If you’re interested in cryptocurrency past its value in utility, then you might be considering investing in some of it. Interestingly enough, investing in cryptocurrency isn’t as different as investing in any other stock for the most part.
For example, if you’re looking to participate in an Initial Coin Offering (ICO), it’s up to you to do your own due diligence. Much like regular companies going public, companies offering ICOs will generally release prospectus to attract investors.
A good sign will be the reputation of the company doing the ICO, along with whom other notable investors are. Since these are all likely to be digital offerings you also need to be aware of whether you’re buying a slice of the company or merely some value equivalent in the cryptocurrency.
ICO vs Dot Com Burst
Investors who were around for the dot com burst also have to be aware that there is a distinction between a currency that is new and that is still under development. Developmental currencies are much higher in risk profile and the company carrying out the ICO is likely looking for funds to further develop it.
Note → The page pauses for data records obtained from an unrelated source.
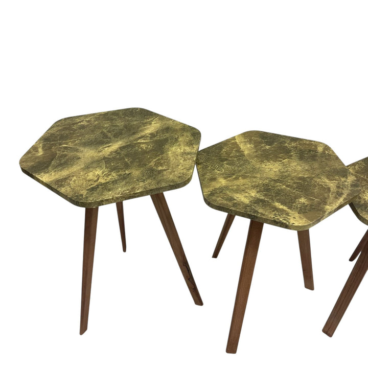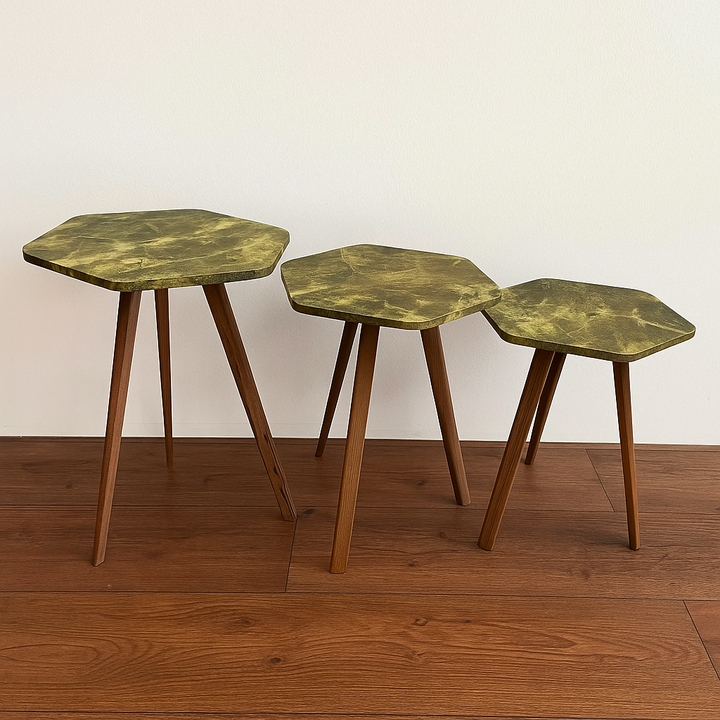 A stylish set of three hexagon-shaped nesting tables featuring a smooth green wooden top that adds a natural and refreshing touch to any room. The tables stand on sturdy beech wood legs, offering excellent stability with a warm and elegant look. Their practical nesting design allows you to use all three together for a layered display or separately around the space. A versatile and decorative addition perfect for modern living rooms, bedrooms, and contemporary interior décor.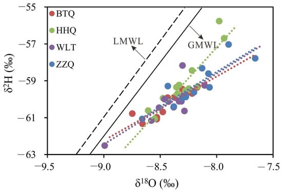 The relationship of δ18O and δ2H in spring samples from BTQ, HHQ, WLT, and ZZQ.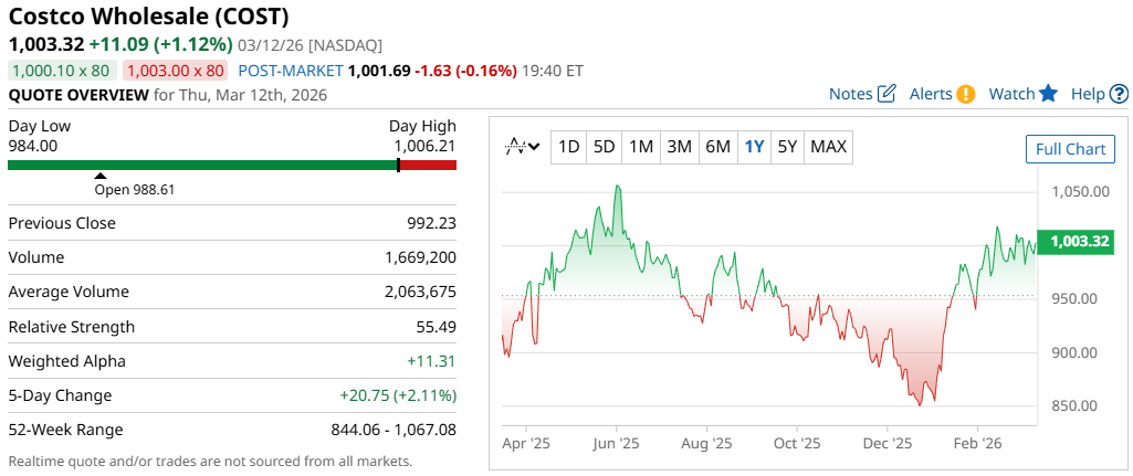 Right now, the COST stock is trading around $1,003 per share, which is up 16% year-to-date.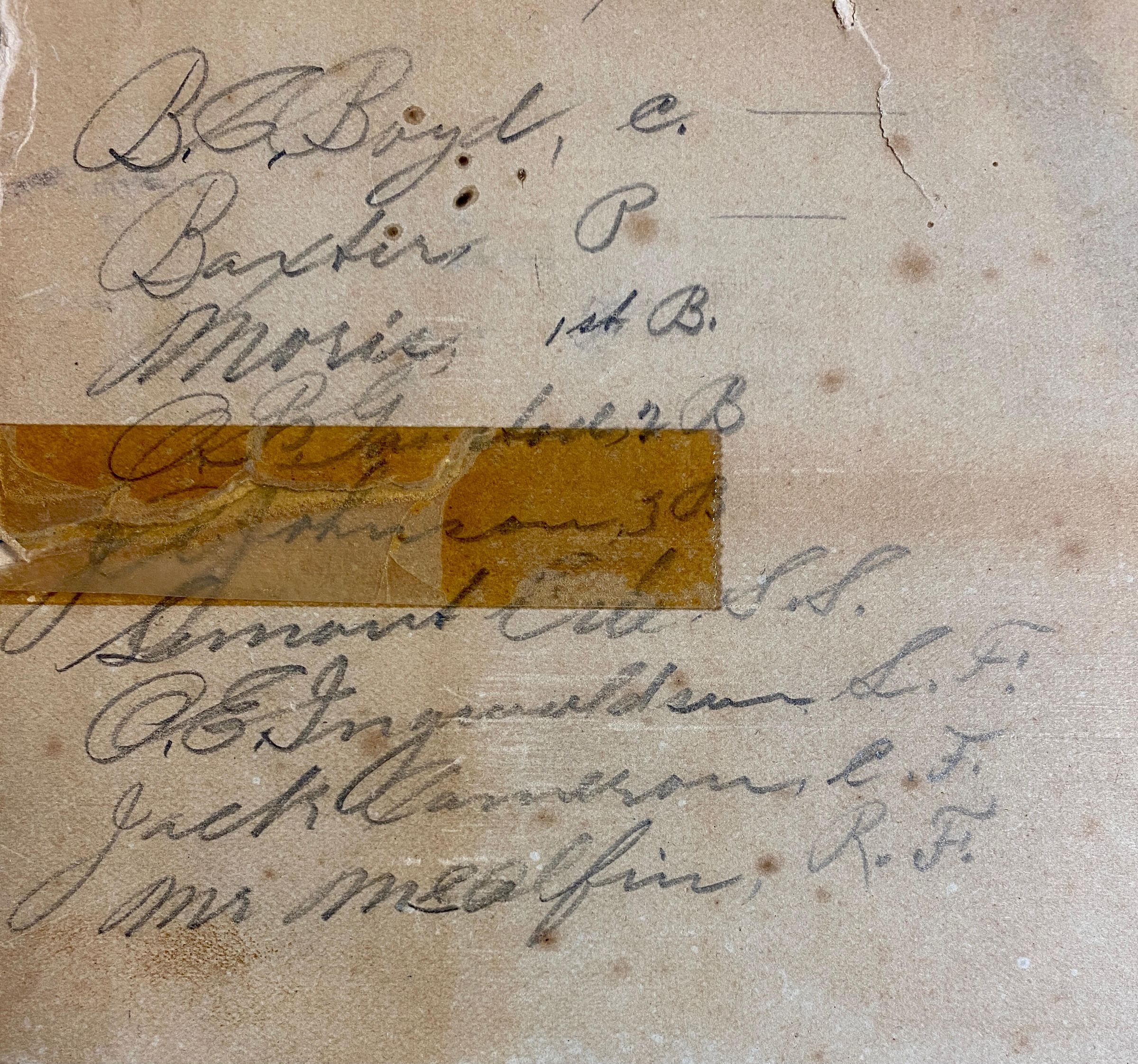 B. C. Boyd - Catcher; Baxter - Pitcher; Moris - First Base; O. P. Gaustad - Second Base; J. A. Johnson - Third Base; Simont Erle - Short Stop; O. E. Ingwaldson - Left Field; Jack Cameron- Center Field; and Mr. McAlfin - Right FieldSubject Person or Organization

While all of this may be the ‘same old’ for seasoned investors, the digital nature brings to the surface yet another risk – security (read more here).
Final Thoughts: No Harm Trying
As you can see, while cryptocurrency may be a little daunting, the mechanics of it aren’t really different from other forms of digital currency. In fact, the security on cryptocurrency is often much higher than most digital wallets can provide.
There isn’t much harm in signing up for a cryptocurrency wallet and buying small amounts of currency to experiment with. As long as you don’t dump your life savings into your crypto wallet, you should be fine.